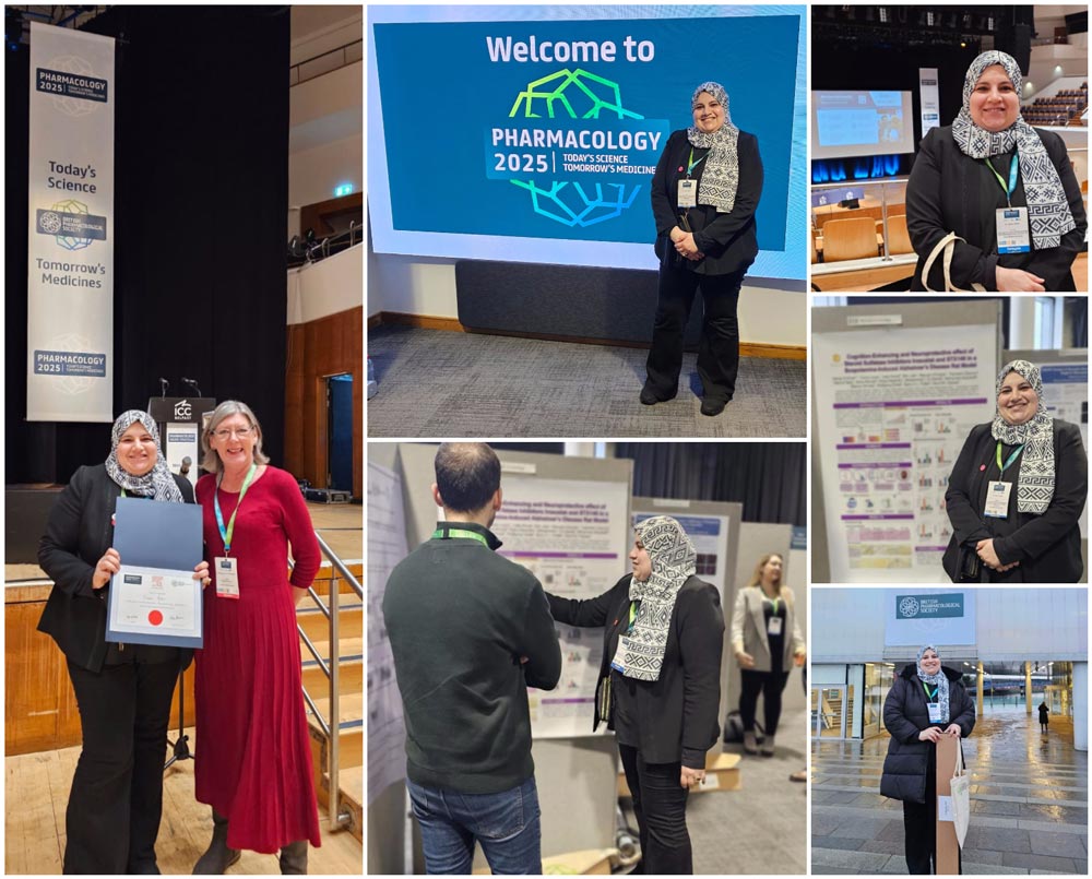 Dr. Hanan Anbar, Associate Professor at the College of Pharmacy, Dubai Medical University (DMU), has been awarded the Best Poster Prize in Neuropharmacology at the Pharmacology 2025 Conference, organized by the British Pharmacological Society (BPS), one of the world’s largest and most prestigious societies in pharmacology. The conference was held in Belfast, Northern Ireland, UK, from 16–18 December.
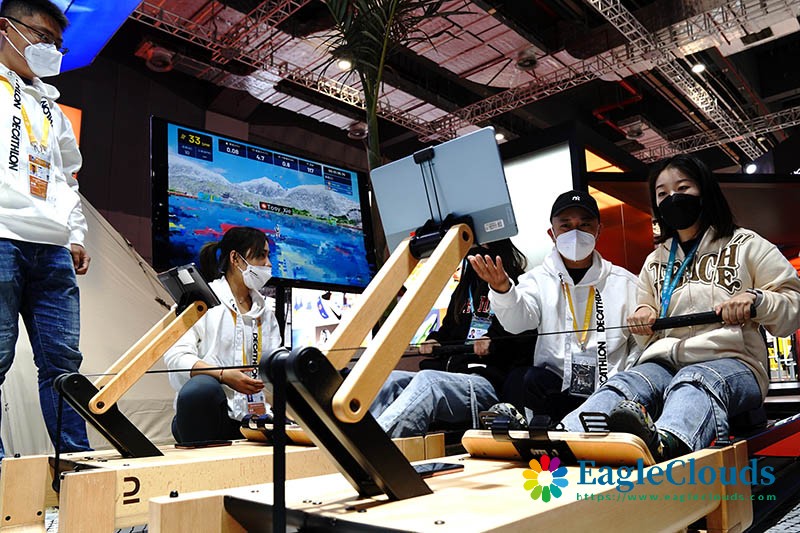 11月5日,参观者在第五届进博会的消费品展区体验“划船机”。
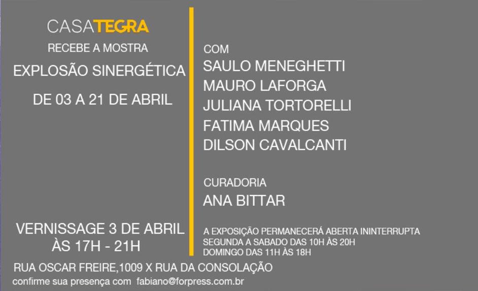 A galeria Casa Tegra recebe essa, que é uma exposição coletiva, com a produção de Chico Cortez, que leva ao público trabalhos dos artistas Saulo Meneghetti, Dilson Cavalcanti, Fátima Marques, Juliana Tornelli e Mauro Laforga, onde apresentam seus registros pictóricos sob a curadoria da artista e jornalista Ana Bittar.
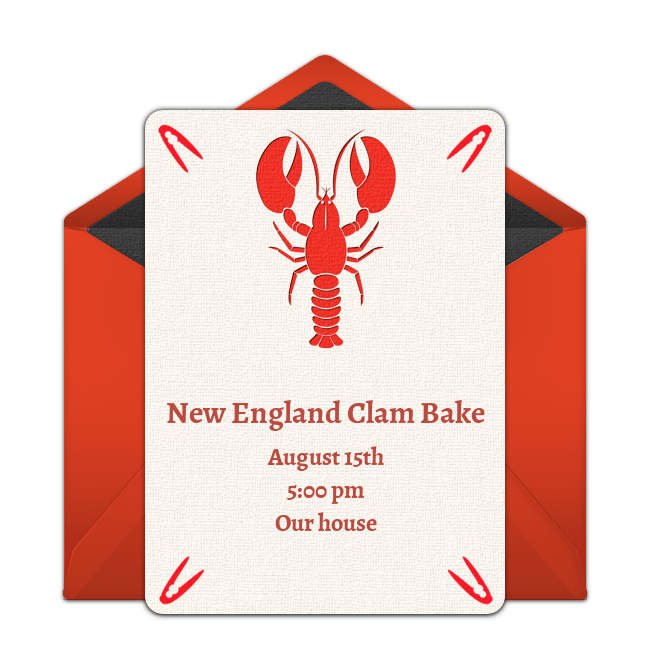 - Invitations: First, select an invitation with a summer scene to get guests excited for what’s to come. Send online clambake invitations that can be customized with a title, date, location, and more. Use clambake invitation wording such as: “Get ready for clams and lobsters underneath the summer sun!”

TO DO:
Please reproduce the material above word for word, without its images.

RESPONSE TO THE TASK:
 Dr. Hanan Anbar, Associate Professor at the College of Pharmacy, Dubai Medical University (DMU), has been awarded the Best Poster Prize in Neuropharmacology at the Pharmacology 2025 Conference, organized by the British Pharmacological Society (BPS), one of the world’s largest and most prestigious societies in pharmacology. The conference was held in Belfast, Northern Ireland, UK, from 16–18 December.
 11月5日,参观者在第五届进博会的消费品展区体验“划船机”。
 A galeria Casa Tegra recebe essa, que é uma exposição coletiva, com a produção de Chico Cortez, que leva ao público trabalhos dos artistas Saulo Meneghetti, Dilson Cavalcanti, Fátima Marques, Juliana Tornelli e Mauro Laforga, onde apresentam seus registros pictóricos sob a curadoria da artista e jornalista Ana Bittar.
 - Invitations: First, select an invitation with a summer scene to get guests excited for what’s to come. Send online clambake invitations that can be customized with a title, date, location, and more. Use clambake invitation wording such as: “Get ready for clams and lobsters underneath the summer sun!”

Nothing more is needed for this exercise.